Is filmmaking really all about the money? To the precious artistes that make it, that‘s a no, most especially from the self-possessed creator of the highly un-lucrative new film mother!Darren Aronofsky. He’s unperturbed by the less-than-lustrous box-office returns on the opening weekend of his new allegorical fever nightmare, but what of his studio overlords? The people ponying up the money usually have a vested interest in seeing some of it come back, and someone at Paramount must be displeased with the film’s paltry $7.5 million opening weekend. Right? Wrong!

Far from hanging the film out to dry, Paramount’s top brass has leapt to darin’ Darren’s defense. The Hollywood Reporter ran an item containing a quote from the studio’s worldwide president of marketing and distribution, Megan Colligan, and she had her man’s back. Colligan wrote:

This movie is very audacious and brave. You are talking about a director at the top of his game, and an actress at the top her game. They made a movie that was intended to be bold. Everyone wants original filmmaking, and everyone celebrates Netflix when they tell a story no one else wants to tell. This is our version. We don’t want all movies to be safe. And it’s okay if some people don’t like it.

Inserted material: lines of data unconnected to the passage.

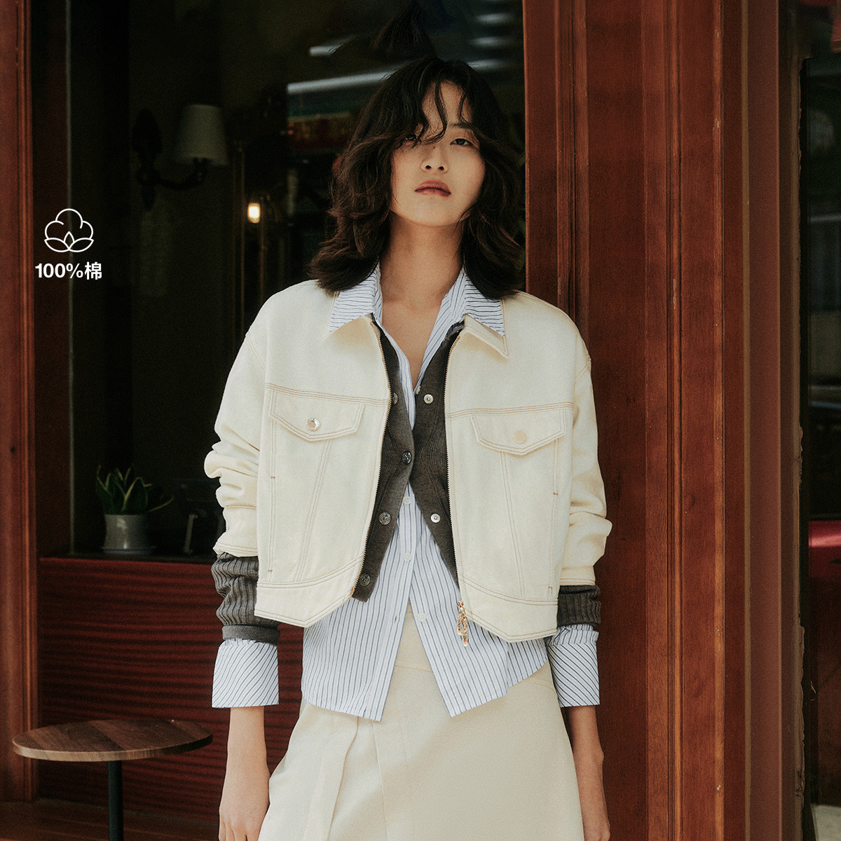 【牛仔外套】2025春季落肩长袖双向拉链翻领宽松牛仔外套女 366298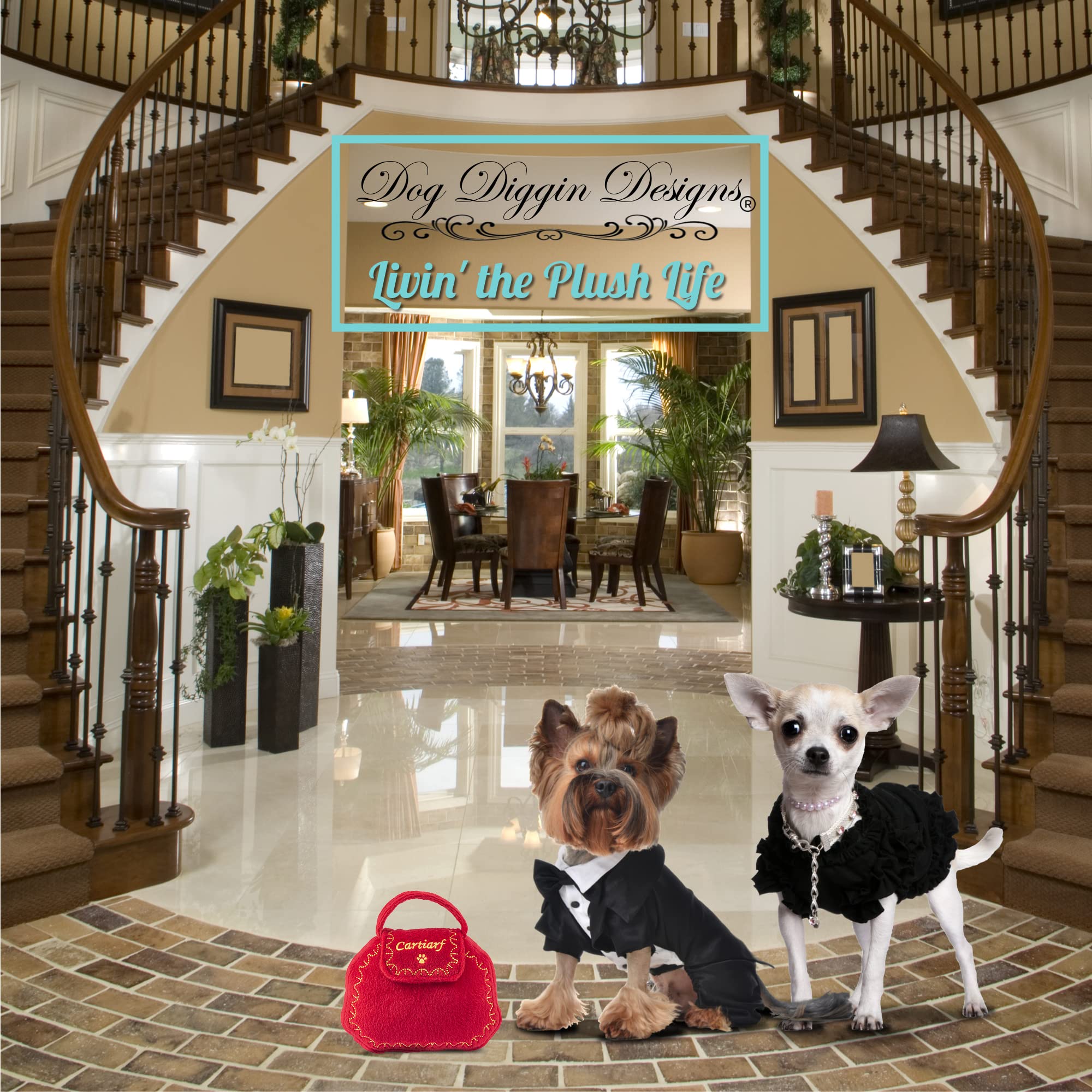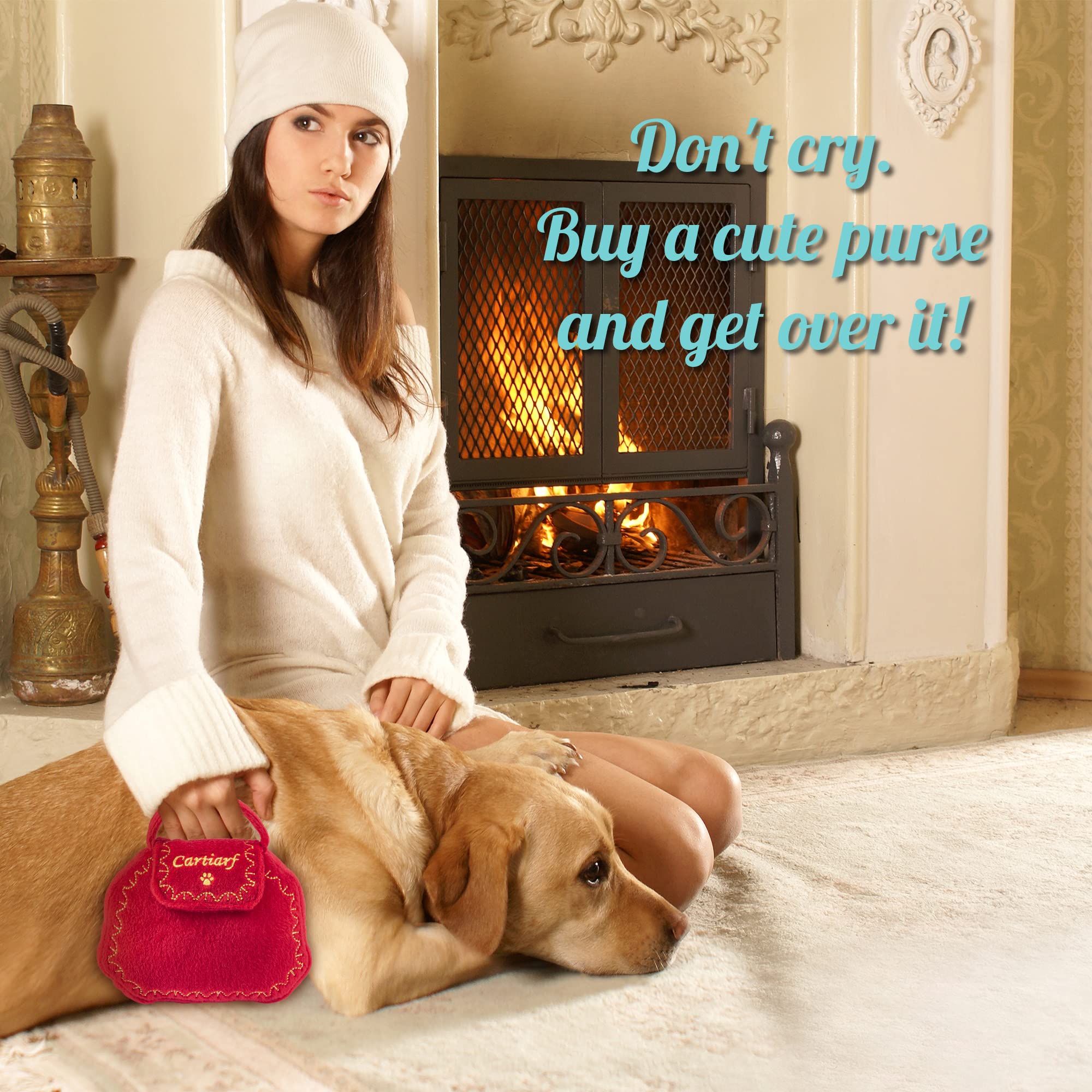 Dog Diggin Designs Cartiarf Plush Dog Toy Purse | Luxury-Inspired Parody Designer Handbag with Squeaker, Soft Plush Fashion Dog Toy – Haute Couture Purses & Handbags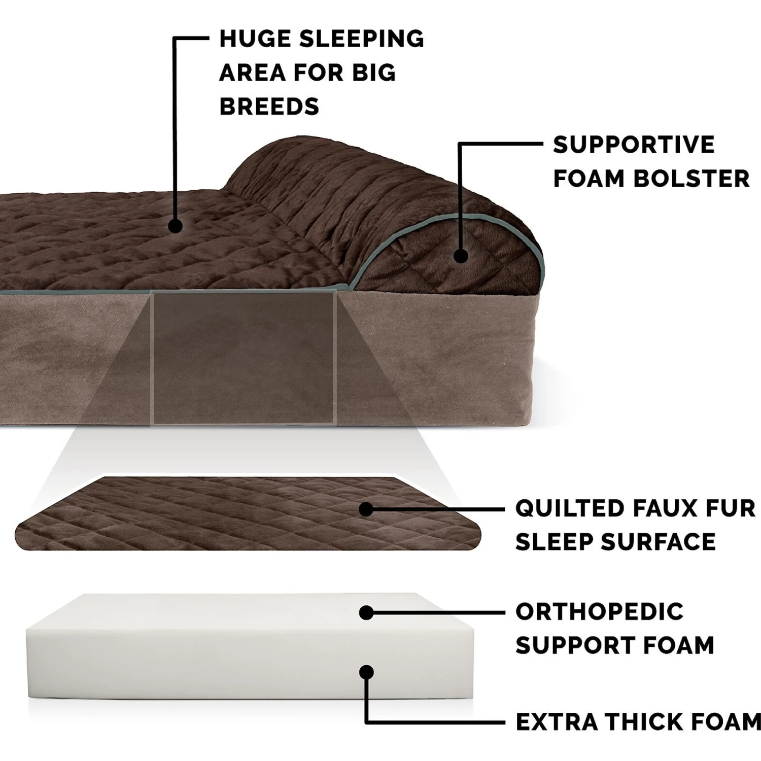 FurHaven Quilted Goliath Chaise Bolster Dog Bed With Removable Cover
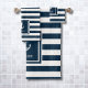 An elegant personalized nautical design towel set featuring an anchor and navy blue and white striped pattern with your boat name set in a navy blue-bordered square. Designed by Thisisnotme©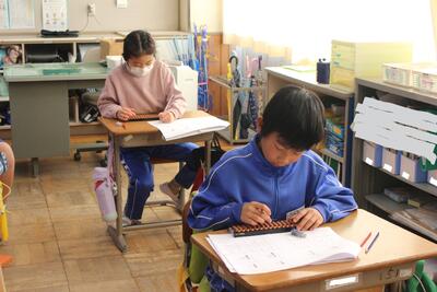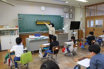 3・4年生が算数の授業で、栃木県珠算ボランティア協会 見目計算実務学校から講師の先生をお招きし、そろばんの使い方を学習しました。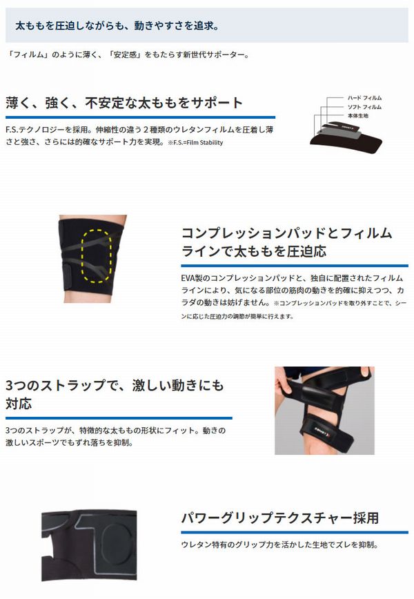 太ももを圧迫しながらも、動きやすさを追求。 「フィルム」のように薄く、「安定感」をもたらす新世代サポーター。
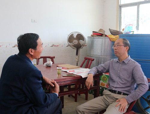 老鸛沖村是雷店鎮(zhèn)第一大村,各村組地域分布廣,大家翻山越嶺、爬坡過(guò)坎前往各自負(fù)責(zé)的貧困戶(hù)家中訪(fǎng)貧問(wèn)苦。該村15組杜典堂是李春生同志包保貧困戶(hù)之一,李典堂年僅18歲,身患羊癲瘋,有精神障礙,無(wú)勞作能力,其父母身體欠佳,李春生同志當(dāng)即送上慰問(wèn)金并與其拉家常、交心談心,進(jìn)一步掌握其生產(chǎn)、生活、健康等情況。李春生同志要求入戶(hù)干部協(xié)調(diào)村委為其家盡快安排合適的公益性崗位,勉勵(lì)其樹(shù)立信心,戰(zhàn)勝困難。
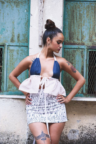 Previous Work - Grey Blouse, Pinstriped skirt and Navy-blue skirt

My first instinct is to say something snippy, maybe about how showbiz types often use “brave” as a coded diss, but this is actually a pretty heartening sentiment. “We don’t want all movies to be safe and it’s okay if some people don‘t like it” is a phrase we’ve been begging to hear from increasingly hidebound studios leaning more heavily than ever on franchises and remakes. Studios ought to be taking risks like mother!; love him or hate him, you cannot deny that Aronofsky goes for it with a madman dedication that’s been in perilously short supply around the studio system. (Though the question of how this philosophy may work out for Paramount persists; they’ve already faceplanted on Monster Trucks, Rings, and Ghost in the Shell, and the two big awards-friendly releases left on their docket for the year are Suburbicon and Downsizing, both of which are quite bad. So we’ll see where their noble spirit gets them.)